Violin Plot: Urgent Care Visits: ** The violin plot compares the distribution of UC_visits between the real and adjusted fake datasets. ** Observation: The adjusted fake dataset has a narrower distribution of UC_visits, with most values falling in the 0-4 range. This is closer to the real dataset, which has most values clustered around 0-1. However, the fake dataset still overestimates urgent care visits.
Heatmap: Correlation Matrix: ** The heatmap shows the correlation between variables in both datasets. ** Observation: The adjusted fake dataset shows stronger correlations between variables compared to the original fake dataset, particularly between Total_members and Asthma_use. However, the correlations are still weaker than in the real dataset, indicating that the fake dataset does not fully capture the relationships between variables.
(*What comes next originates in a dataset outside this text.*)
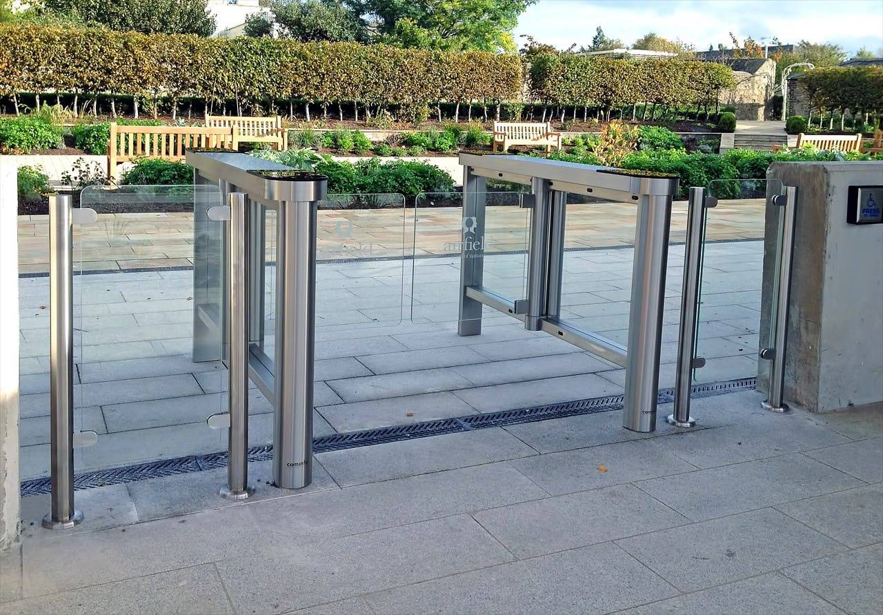 Проходная зона с распашными створками представляет собой сочетание тонкого корпуса турникета и высокоскоростного мотора. Наши дизайнеры постарались объединить возможность установки турникета в любом помещении и возможность установки дополнительного оборудования. Помимо этого, наша технология позволяет устанавливать турникеты как в помещении, так и на улице. Также покупатель может выбрать размер корпуса и высоту барьерного стекла, что позволяет турникетам EasyGate стать идеальным решением для различных проектов.

The adjustments made to the fake dataset in Part 2 have improved its alignment with the real dataset, particularly in terms of reducing the inflated values for key metrics like ED_visits, ED_hosp, and Asthma_use. However, the fake dataset still overestimates some metrics and does not fully capture the correlations between variables.
To further improve the accuracy of the fake dataset, the following measures could be applied: 1. Further Reduce Maximum Values: Adjust the maximum values for ED_visits, ED_hosp, and Asthma_use to better match the real dataset. 2 .Refine the Distribution: Ensure that the distribution of values in the fake dataset more closely matches the real dataset, particularly for Asthma_use and Total_members. 3.Improve Correlations: Adjust the fake dataset to better reflect the correlations between variables, especially between Total_members and Asthma_use.